Enhancements could include treatments that improve troops’ physical capacities and resistance to stress.

A soldier of French Jaubert naval commando pictured after getting off a NH90 “Caiman” helicopter during an exercise. Photo: Fred Tanneau/AFP

A French military’s ethics committee has given the country’s armed forces the go-ahead to begin research on developing “augmented soldiers” for improved battlefield performance.

A report released earlier this week cited research on implants that could “improve cerebral capacity,” assisting soldiers in distinguishing enemies from allies, according to the BBC.

Additional enhancements may include medical treatments to improve soldiers’ physical capacities and resistance to stress.

Keeping Up With World Militaries

The report further said that without enabling research into technologies such as these the French armed forces would be at a disadvantage compared to other countries’ militaries.

The committee said that France needs to maintain “operational superiority of its armed forces in a challenging strategic context” while also respecting the rules governing the military, humanitarian law, and the “fundamental values of our society.”

The statement included ethical “red lines” not to be crossed, including eugenics or genetic alteration and anything “that could jeopardize the soldier’s integration into society or return to civilian life,” the BBC stated.

France’s Minister of Armed Forces, Florence Parly, provided some insight into the issues surrounding soldier enhancement at a roundtable forum before the report was released.

Red Lines of Augmentation

Parly said the French armed forces would not allow invasive transformation techniques that cross “bodily barriers” such as chip implants.
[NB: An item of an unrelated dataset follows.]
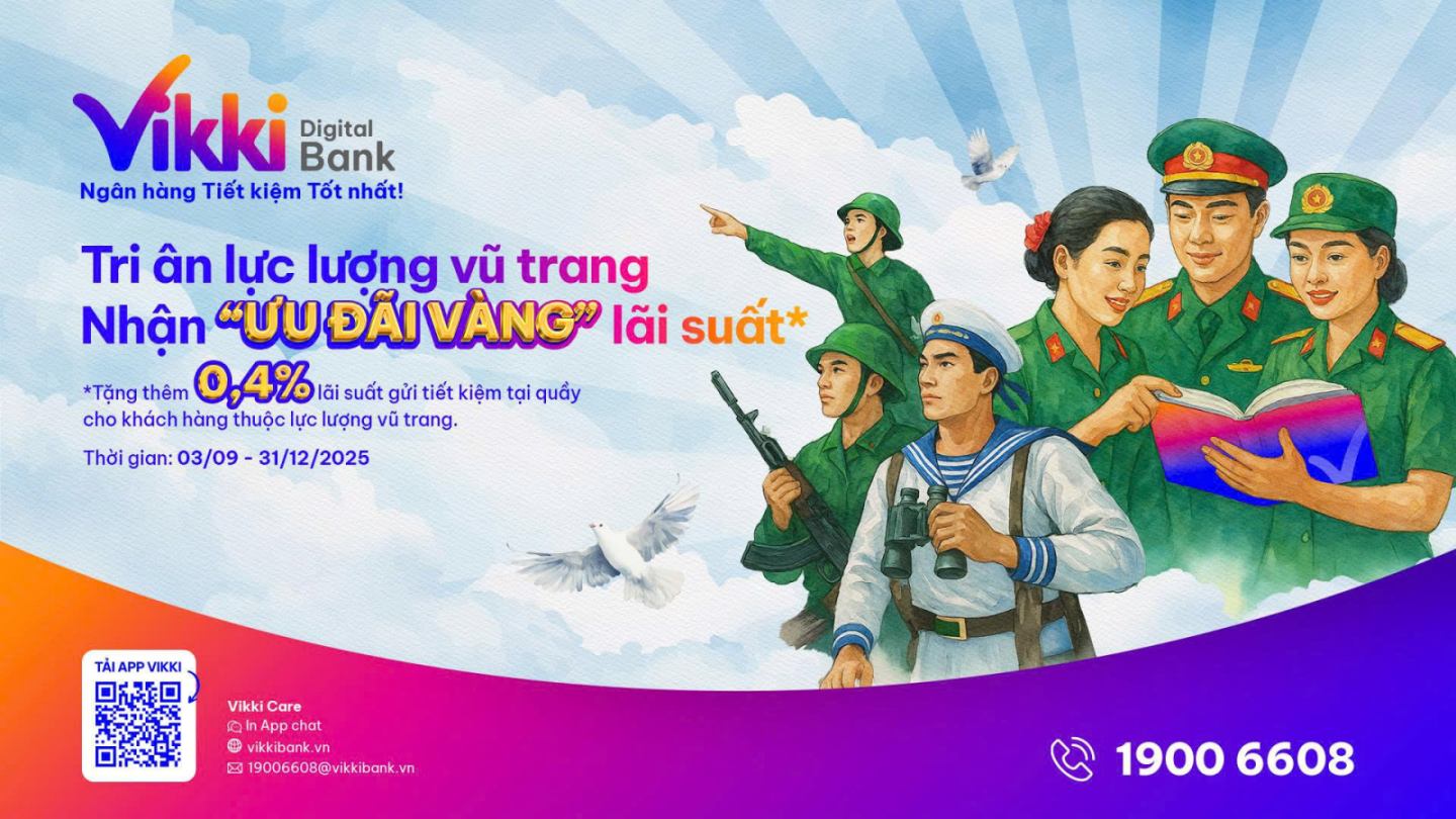 Hà Nội, ngày 03 tháng 9 năm 2025 – Nhân dịp kỷ niệm 80 năm Cách mạng Tháng Tám và Quốc khánh 2/9, Ngân hàng Số Vikki triển khai chương trình ưu đãi đặc biệt dành riêng cho khách hàng thuộc lực lượng vũ trang, với lãi suất tiết kiệm tăng thêm 0,4%/năm cùng nhiều quà tặng tri ân giá trị.

However, she added, chips can be installed in a uniform.

Explaining her point further, Parly said that French armed forces would say yes to Iron Man but no to Spider-Man, referring to the genetic mutation of the latter comic book superhero.
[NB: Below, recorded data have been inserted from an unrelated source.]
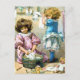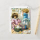 Ilustração bonita de duas meninas, ocupadas lavando a roupa da boneca numa banheira de madeira e pendurando-as na linha de roupas para secar. Trabalho da equipe de excelentes!
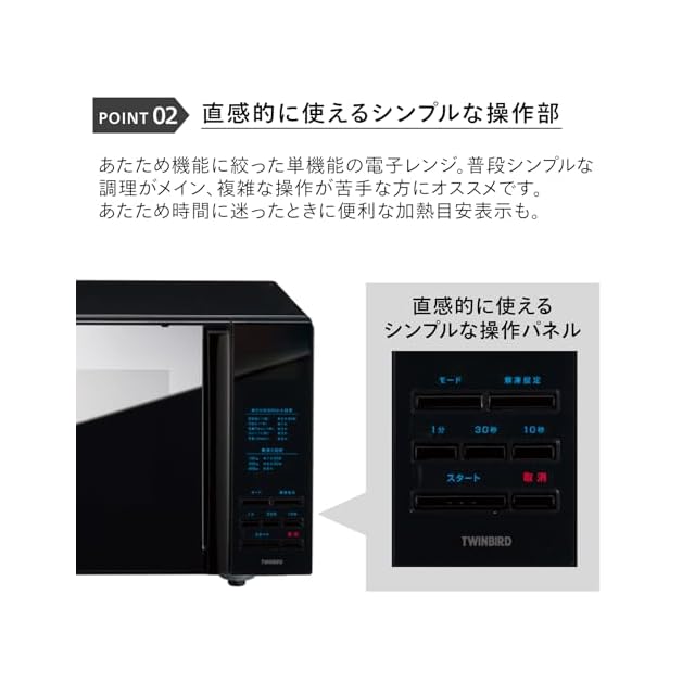 TWINBIRD(ツインバード) 電子レンジ ヘルツフリー 単機能 一人暮らし フラットテーブル 20L 4段階出力切替 600W 15分タイマー ミラーガラス ブラック DR-4259B | つむぎ屋
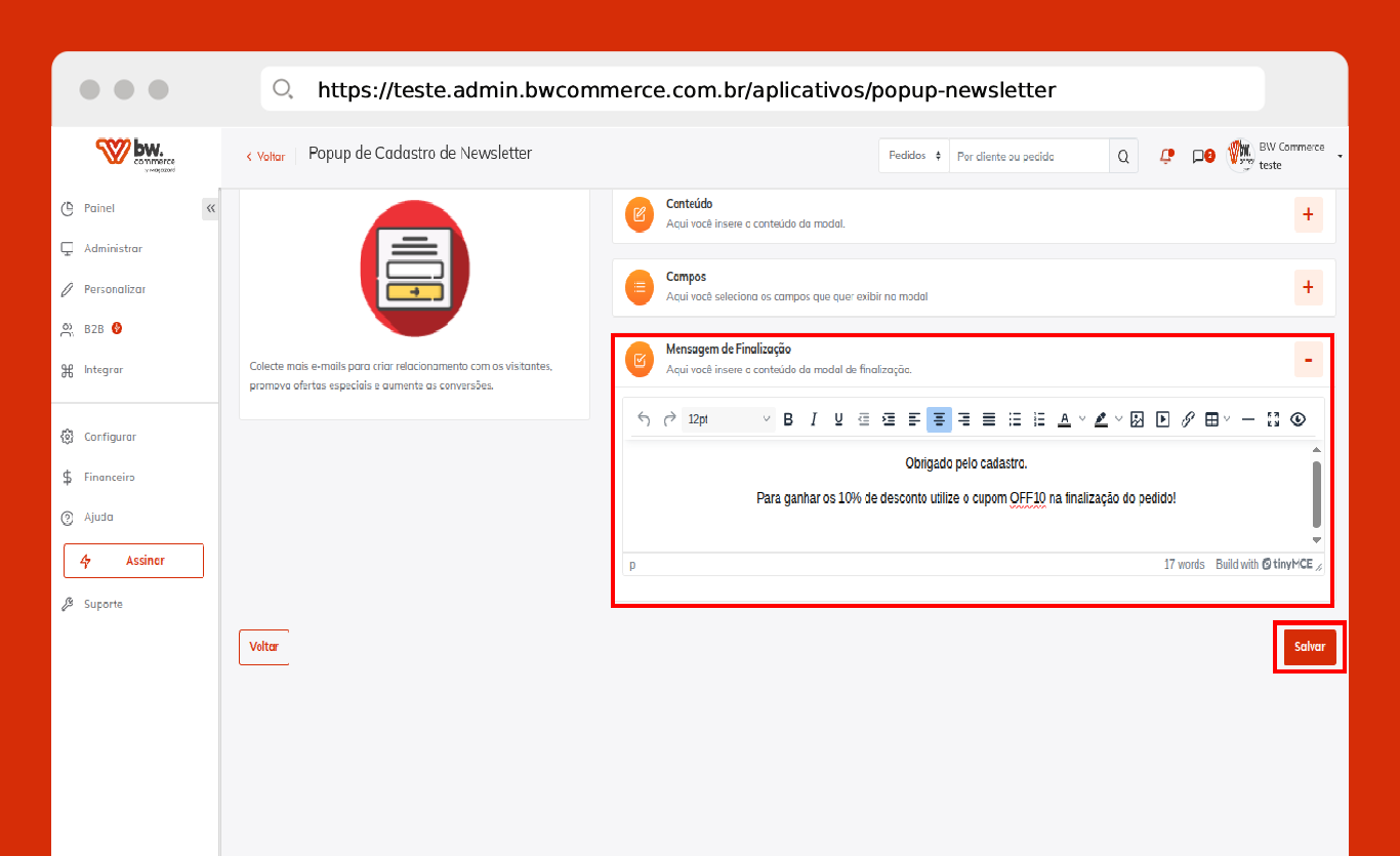 Conteúdo: Neste campo você poderá definir a mensagem que será exibida ao cliente.

She laid out the conditions under which a soldier would be “augmented,” which includes prior consent from the person who is undergoing such augmentation. However, she added that there could be an absence of consent under “exceptional” circumstances, but the circumstances need to be “justified.”

The other condition of allowing augmentation to take place on a soldier’s body is that it should be “reversible,” Parley said, so that the soldier can return to his original bodily condition once he’s no longer part of the armed forces.